**Collected material:**
################
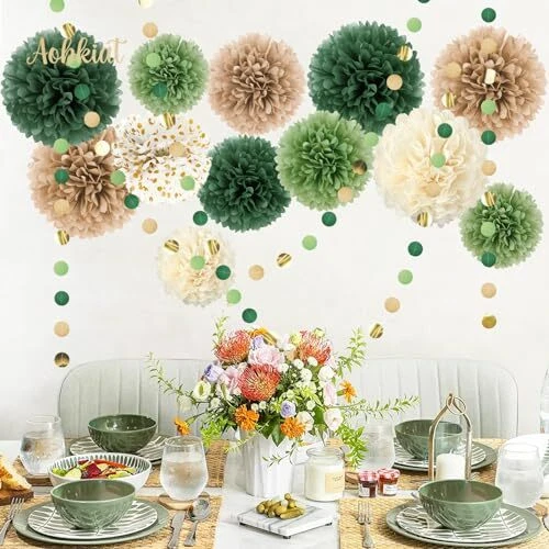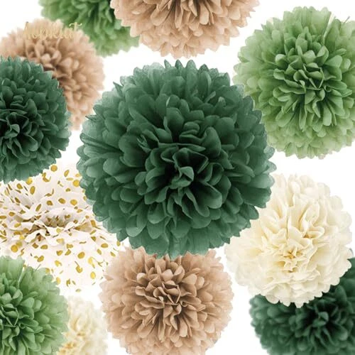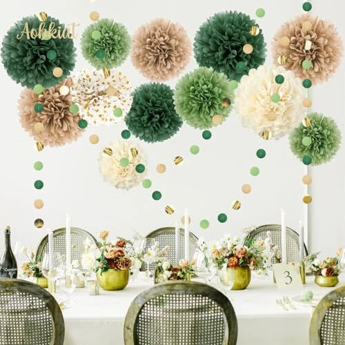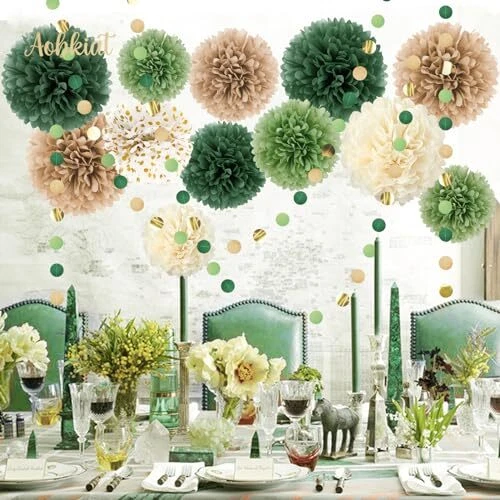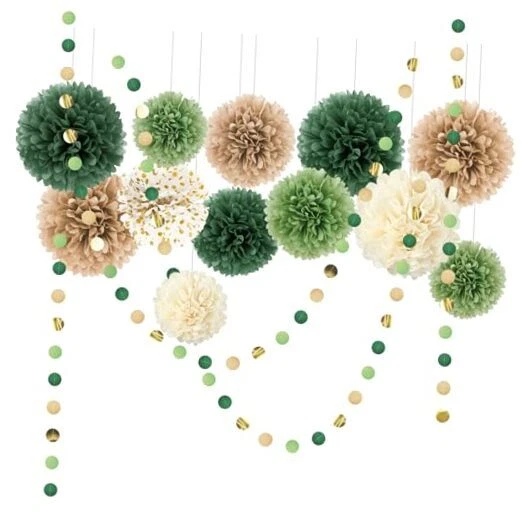 Wedding Party Decorations Set,15PCS Green Tissue Paper Pom Poms,Dots Paper
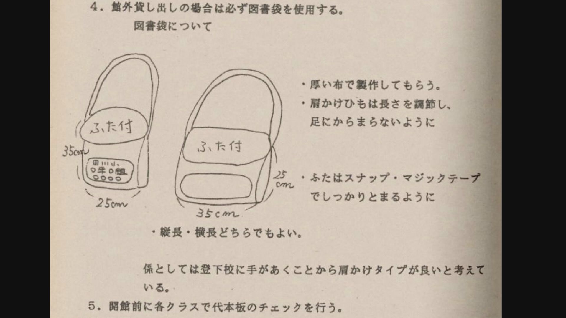 図書袋の形状も時代とともに変化してきました。
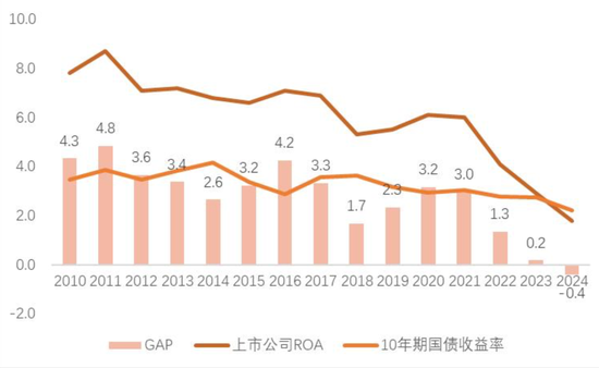但当前情况已大不相同。尽管经过多轮降息,十年期国债收益率已降至约2%,但上市公司的平均ROA也同步下滑至约2%。也就是说,投资回报率与融资成本基本持平,甚至在某些情况下为负。从图1可以看出,用ROA减去融资成本所形成的“有效盈利空间”已接近零。在这种环境下,企业缺乏扩大投资的动力。
################
**Your objective:** The data must be repeated exactly. Any pictures in it are to be left out.

**Completed task:**
 Wedding Party Decorations Set,15PCS Green Tissue Paper Pom Poms,Dots Paper
 図書袋の形状も時代とともに変化してきました。
但当前情况已大不相同。尽管经过多轮降息,十年期国债收益率已降至约2%,但上市公司的平均ROA也同步下滑至约2%。也就是说,投资回报率与融资成本基本持平,甚至在某些情况下为负。从图1可以看出,用ROA减去融资成本所形成的“有效盈利空间”已接近零。在这种环境下,企业缺乏扩大投资的动力。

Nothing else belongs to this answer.